Friday, March 18, 2011

Libya declares cease fire after UN resolution

Libya declared an immediate cease-fire Friday, trying to fend off international military intervention after the U.N. authorized a no-fly zone and "all necessary measures" to prevent the regime from striking its own people. A rebel spokesman said Moammar Gadhafi's forces were still shelling two cities.
The cease-fire announcement by the Libyan foreign minister followed a fierce government attack on Misrata, the last rebel-held city in the western half of the country. A doctor said at least six people were killed.
Mustafa Gheriani, a spokesman for the rebels, said the attacks continued well past the announcement.
"He's bombing Misrata and Adjadbiya from 7 a.m. this morning until now. How can you trust him?" Gheriani said.
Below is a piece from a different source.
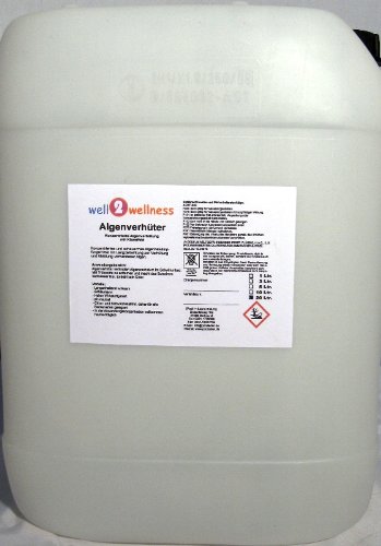 Algenverhüter – Aggregiert + schaumfrei — Anwendungsbereich: Algenverhüter verhindert Algenwachstum im Schwimmbad, hilft Trübstoffe zu abschütteln und macht das Schwimmbadwasser klar. Enhält kein Chlor! Vorteile: – langanhaltend wirksam / – schaumfrei / – hoher Wirkstoffgehalt / – pH-neutral / – Chlor- und Schwermetallfrei, doch für allesamt Beckenarten adäquat / – in der Anwendungskonzentration vollkommen hautverträglich. Anwendungsempfehlung – Zugabe: Zur besseren Durchmischung in der Nähe des Beckenzulaufs addieren. Becken-Vorbehandlung: Boden und Wände zur Desinfektion und Bildung einer Schutzschicht mit einer 5 %-Auftrennung einsprühen und antrocknen lassen. Erstzugabe: pro 10 m³ Wasser 50 – 100 ml Algenverhüter zusammenziehen. Nachdosierung: wöchentlich pro 10 m³ Wasser 20 ml (Hallenbad) bzw. 40 ml (Freibad) addieren. Bei bereits veralgtem Wasser Stossbehandlung mit 10 – 15 ml/m³ ablaufen lassen. Wichtige Hinweise: Bei stärkerem Baddebetrieb, Gewitterregen, höheren Temperaturen oder Entstehen von glitschigen Belägen im Becken sind häufigere oder erhöhte Zugaben bis zur doppelten Betrag erforderlich.

The U.N. Security Council resolution, which was passed late Thursday, set the stage for airstrikes, a no-fly zone and other military measures short of a ground invasion. Britain announced that it would send fighter jets, Italy offered the use of its bases, and France was making plans to deploy planes. The U.S. had yet to announce its role. NATO also held an emergency meeting.
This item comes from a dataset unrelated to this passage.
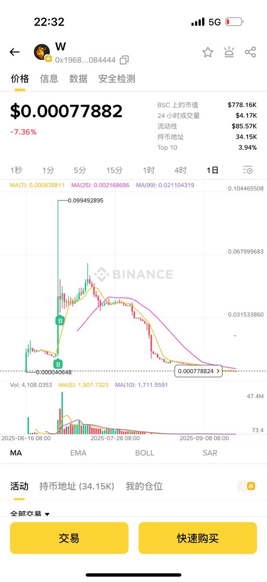 🐺 $W 这个币还有机会吗?买入后从未涨过,已经跌了70天了。@W_coin_1 官推每天按部就班的发推 😫

With the international community mobilizing, Libyan Foreign Minister Moussa Koussa said the government would cease fire in line with the resolution, although he criticized the authorization of international military action, calling it a violation of Libya's sovereignty.
"The government is opening channels for true, serious dialogue with all parties," he said during a news conference in Tripoli, the capital. He took no questions.
Four New York Times journalists who were reported missing while covering the Libya conflict have been found, the newspaper said Friday.The Times reported on its website that the four were captured by forces loyal to Moammar Gaddafi and will be released Friday.